Profesional

Enfermeras escolares para cuidar la salud mental de la infancia y adolescencia

Las consejerías de Sanidad y Educación de todas las comunidades autónomas deben priorizar la contratación de enfermeras en colegios e institutos.

Hemos reclamado la presencia de enfermeras en todos los centros educativos para poder trabajar en la prevención, detección y seguimiento de casos de alumnado con problemas de salud mental que puedan llevar a autolesiones sin intención suicida.

En el marco del Día Mundial de la Concienciación sobre la Autolesión, que se celebra el 1 de marzo, nos hemos sumado al resto de organismos y organizaciones que quieren visibilizar y romper estigmas en torno a este tipo de comportamientos que se producen, fundamentalmente, en la adolescencia y que distintos estudios apuntan a un incremento progresivo de casos a lo largo de los últimos años.

Un reciente estudio de la Universidad Rey Juan Carlos concluye que más de la mitad de los menores de edad y cerca de ocho de cada diez jóvenes de entre 18 y 30 años aseguran conocer a alguien que se ha autolesionado en algún momento de su vida. En la misma línea, una encuesta realizada por SATSE y ANPE entre enfermeras escolares arrojaba el dato de que el 65,9 por ciento de estas profesionales conocía algún caso de autolesiones y/o intento autolítico entre su alumnado.

Ante esta realidad, pedimos que las consejerías de Sanidad y Educación de todas las comunidades autónomas prioricen la contratación de enfermeras en colegios e institutos, ya que, en la actualidad, su implantación es muy escasa y desigual. Se trata de una demanda que familias, profesorado y el resto de la comunidad educativa reclama de manera conjunta desde hace años.

Esfuerzo conjunto

Los años de infancia y adolescencia son etapas decisivas en el desarrollo y adquisición de hábitos y conductas por parte de cualquier persona, de ahí la importancia de que haya enfermeras en las aulas que puedan trabajar, junto al resto de la comunidad educativa y otros profesionales sanitarios, en el abordaje de la creciente incidencia de los problemas de salud mental entre los niños, niñas y jóvenes.

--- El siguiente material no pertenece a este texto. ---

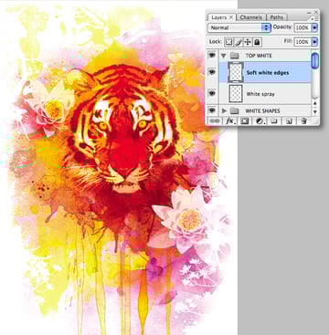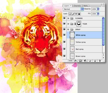 Add a new folder beneath the "TIGER" and label it "SPRAY;" drop a new layer within the folder and name it "Brown spray." Now use the Eyedropper Tool (I) to sample a dark brown from your image, then use your new brushes to add a few selective areas of spray – don't forget to rotate and flip your brushes to avoid repetition. We're only after a subtle effect here, so don't get too carried away. Now set the Blending Mode to Multiply and adjust the Opacity to taste – I used 56%.

Además de demandar la implantación de la figura de la enfermera escolar en los diferentes ámbitos de negociación en los que tiene presencia, organizamos y participamos en jornadas divulgativas y de sensibilización, como la realizada esta semana en Murcia, para poner el foco social en la importancia de cuidar la salud, no solo física sino también mental y emocional, de la infancia y adolescencia.

La realidad actual de la salud mental en la infancia y adolescencia es muy preocupante, con un incremento drástico en la prevalencia de trastornos en los últimos años, y, lamentablemente, las administraciones no están destinando los recursos necesarios para evitar problemas aún mayores en muy pocos años.

Conductas lesivas

En concreto, la enfermera escolar desempeña un papel importante en la prevención de los problemas de salud mental a través de la identificación de factores de riesgo relacionados con el inicio de conductas perjudiciales, como el consumo de alcohol o drogas, y situaciones como el acoso escolar, la violencia en las aulas, la baja autoestima o los problemas de socialización.

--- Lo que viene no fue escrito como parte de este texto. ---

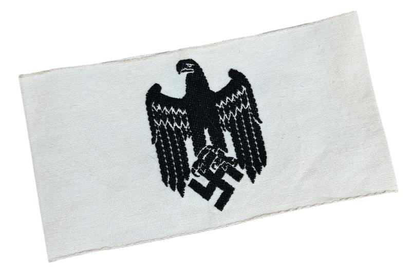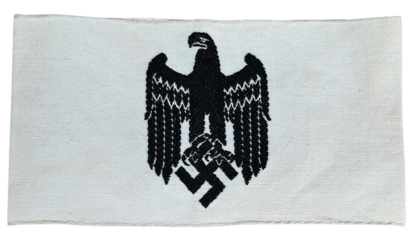 Wehrmacht Civilian Service Armband Fantastic machine woven black Eagle on white cloth Wehrmacht civilian service armband. In very good condition. Great in any armband collection.

También realiza una labor de detección, aviso y alerta al equipo docente y de orientación, así como al equipo de salud, para la derivación de casos al profesional correspondiente (enfermera de salud mental, psicólogo u otro especialista).

En definitiva, la enfermera escolar es una pieza decisiva en el engranaje de apoyo y atención multidisciplinar que puede necesitar un niño, niña o joven ante un problema que, en ocasiones, puede pasar desapercibido, incluso, para su familia.

Al respecto, recordamos que los centros educativos son el espacio de socialización en el que menores y jóvenes pasan gran parte de su tiempo y, por ello, lograr que sean siempre espacios seguros y generadores de salud resulta esencial.